Бучинский любил прибавить для красного словца, и в его словах можно было верить любой половине, но эта характеристика Гараськи произвела на меня впечатление против всякого желания. При каждой встрече с Гараськой слова Бучинского вставали живыми, и мне начинало казаться, что действительно в этом изможденном теле жило что-то особенное, чему не приберешь названия, но что заставляло себя чувствовать. Когда Гараська улыбался, я испытывал неприятное чувство.

– А вам что смотреть у нас? – как-то равнодушно спрашивал Гараська, когда мы от контроля шли к его вашгерду. – Робим, как все другие…

Объяснить прямую цель своих посещений я не желал, а только постарался уверить загадочного парня в полной чистоте своих намерений.

Из выработки подозрительно глянуло на нас широкое и суровое лицо рыжего кума, а около вашгерда молча работали две женщины. Они даже не взглянули в нашу сторону. Одна, помоложе, со следами недавней красоты на помертвелом бледном лице, глухо кашляла; это была, как я узнал после, любовница Гараськи, попавшая на прииски откуда-то из глубины Чердынского уезда. Другая женщина, некрасивая и рябая, с тупым равнодушным лицом, служила живым олицетворением одной мускульной силы, без всяких признаков той сложной внутренней жизни, которая отпечатывается на человеческом лице.

– Ну, теперь видел? – коротко проговорил Гараська, когда мы осмотрели выработку и вашгерд; кум молчал, как затравленный волк, бабы смотрели в сторону.

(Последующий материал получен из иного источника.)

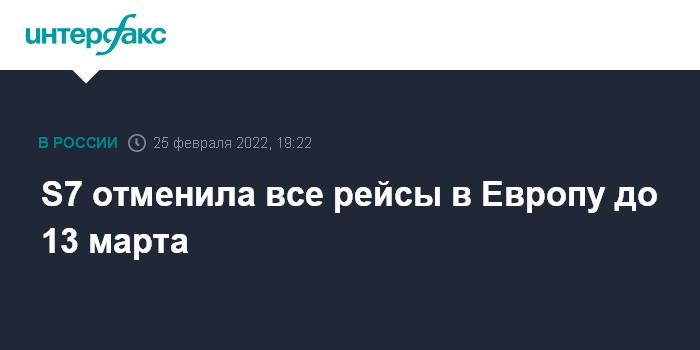 Москва. 25 февраля. INTERFAX.RU - Авиакомпания S7 Airlines решила отменить все рейсы в Европу с 26 февраля по 13 марта.
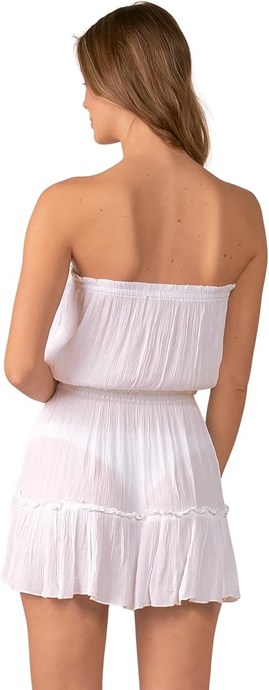Featuring: Strapless/tube neck, ruffled hem, drawstring waist, and light weight.

– Отчего вас работает всего четверо? – спросил я. – Ведь неудобно…

– Кому как, а нам и так хорошо.

Я заходил несколько раз к Гараське, и эти посещения не привели ни к чему, за исключением того, разве, что кум, наконец, расступился и заговорил. Поводом для нашего сближения послужила охота. Кум снизошел даже до того, что обещал когда-нибудь в праздник сводить меня под какую-то Мохнатенькую гору, где дичи водилось видимо-невидимо. Однажды, когда я сидел в выработке кума, до меня донеслись странные звуки: в первую минуту я подумал, что кто-то причитает по покойнику, но потом уже расслышал, что это была песня.

– Ишь, развылась! – строго заметил кум, не страдавший излишней словоохотливостью и болтливостью.

– Кто это поет?

– Да Гараськина Марфутка каку-то плачу все воет… Слышь, в ихней стороне на свадьбе такие песни играют. Марфутка-то, чердынская выходит, так к ненастью и тоскует…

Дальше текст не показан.